The entire contents of the data area are laid out in the index area, including free spaces. While the exact structure of the data area isn't specified, one approach that has worked well is, to quote the *RT-11 Volume and File Formats Manual (August 1991)* manual, to "allocate for the [new extent] either one-half the largest space available, or the second largest space, whichever is bigger."
## Metadata structures
### Superblock
The superblock holds some basic data about the filesystem and index.
- "rtfs" as a string, for identification
- 1 byte representing a version, currently 1
- 4 bytes representing the index size, in entries.

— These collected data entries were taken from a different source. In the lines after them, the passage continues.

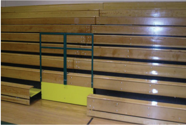
First row cut-out provides ADA compliance for wheelchair spaces with companion seats.

Original lumber was removed while the understructure was unfastened from the wall and re-aligned (to remove gaps). Wood was sorted and grouped by type and species. Then all boards were planed, edged, sanded and stained to match. After two coats of sealer, boards were hand-sanded, then re-installed with new hardware prior to final coat of sealer. All wood refinishing was done on-site.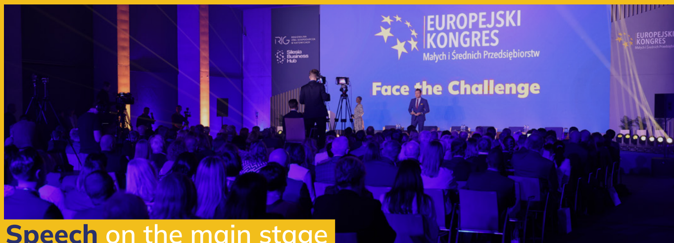
Speech on the main stage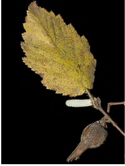
CALIFORNIA HAZELNUT (Corylus cornuta subsp. californica) Native Perennial - Birch Family - (Jan-Mar) - Common. Many habitats, esp moist, shady places - Shrub, small tree < 13' tall. Leaf velvetry-hairy. Fruits 0.8-1.2" long in papery bracts, 1-2/group.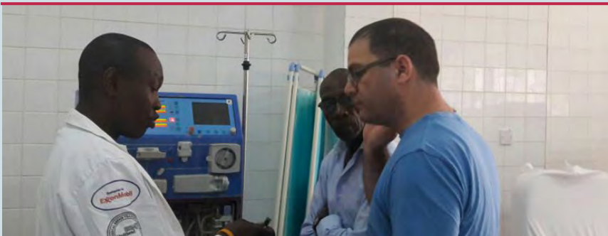
■ Training local dialysis medical teams in Sierra Leone.

MASHAV donated the unit in 2012 and training of the local medical teams commenced in Israel. However, when the Ebola crisis hit the country, the set up phase came to a halt. In late 2016, MASHAV was finally able to complete the project. The dialysis unit is fully

- A 18-byte null-padded string, storing the volume label.
### Index
The volume index lives at the end of the volume, and grows towards the start. It contains a description of the entire data section of the volume.
#### Entry types
The index entry type is a 4-bit number, representing one main division: whether an extent can be overwritten safely. If an extent's type is <= 7, then it can be recycled. Otherwise, it contains live data, and should be preserved. Subtracting or adding 8 to the type will turn it from one to the other. Additionally, the type is used to differentiate initial extents from secondary extents, and tell finalised files, tentative files, and directories apart.
```
local ftypes = {
empty = 0,
dfile = 1,
dfext = 2,
ddir = 3,
ddex = 4,
dtfile = 5,
dtext = 6,
dlink = 7,
unused = 8,
file = 9,
fext = 10,
dir = 11,
dex = 12,
tfile = 13,
text = 14,
link = 15
}
```
#### Index entry
Each index entry describes an extent, or filesystem object that doesn't take up any data space, like a symlink or directory without tags.
- 4 bits of entry type
- 3 bits of reserved flags
- 9 bits of extent ID
- In the case of an initial extent (that is, type file, tfile, dfile, dir, or ddir), this represents the number of extents contained within the file.
- In the case of secondary extents (fext, text, dfext, ddex), this represents its position within the file.
- In the case of a link (or dlink), the first bit specifies whether this is the source or destination path, and the rest is a unique ID to associate it with another index entry containing the other path.
- 32 bits representing the sector which the extent starts in.
- 32 bits representing the length of the extent, in bytes.
- 46 bytes containing the full path to the file within the filesystem, null padded.